Datasets¶
The costcla.datasets
module includes utilities to load datasets,
including methods to load and fetch popular reference datasets. It also
features some artificial data generators.
-
costcla.datasets.
load_bankmarketing
(cost_mat_parameters=None)[source]¶ Load and return the bank marketing dataset (classification).
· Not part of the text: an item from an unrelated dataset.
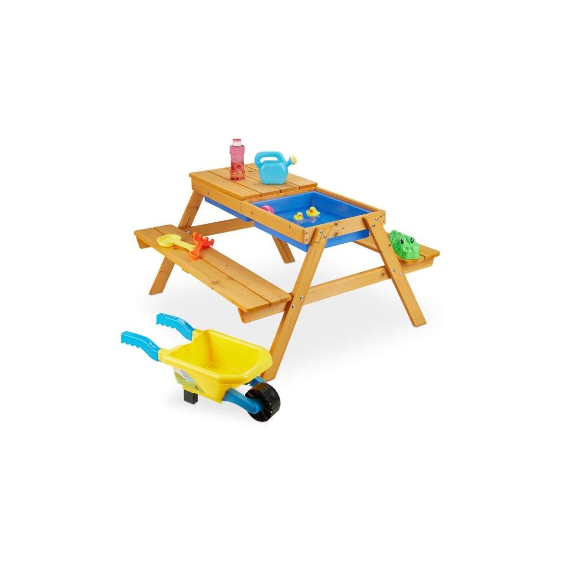 Relaxdays Picknickbord för barn, trädgårdsbänk för barn, sand- och vattenlek, HWD: 50 x 89 x 86 cm, utomhusmöbler, brun, plast, trä

The bank marketing is a easily transformable example-dependent cost-sensitive classification dataset.
Parameters: cost_mat_parameters : Dictionary-like object, optional (default=None)
If not None, must include ‘per_balance’, ‘ca’, and ‘int_r’
Returns: data : Bunch
Dictionary-like object, the interesting attributes are: ‘data’, the data to learn, ‘target’, the classification labels, ‘cost_mat’, the cost matrix of each example, ‘target_names’, the meaning of the labels, ‘feature_names’, the meaning of the features, and ‘DESCR’, the full description of the dataset.
References
[R8] A. Correa Bahnsen, A. Stojanovic, D.Aouada, B, Ottersten, “Improving Credit Card Fraud Detection with Calibrated Probabilities”, in Proceedings of the fourteenth SIAM International Conference on Data Mining, 677-685, 2014. Examples
Let’s say you are interested in the samples 10, 25, and 50
>>> from costcla.datasets import load_bankmarketing >>> data = load_bankmarketing() >>> data.target[[10, 25, 319]] array([0, 0, 1]) >>> data.cost_mat[[10, 25, 319]] array([[ 1. , 1.66274977, 1. , 0. ], [ 1. , 1.63195811, 1. , 0. ], [ 1. , 5.11141597, 1. , 0. ]])
-
costcla.datasets.
load_creditscoring1
(cost_mat_parameters=None)[source]¶ Load and return the credit scoring Kaggle Credit competition dataset (classification).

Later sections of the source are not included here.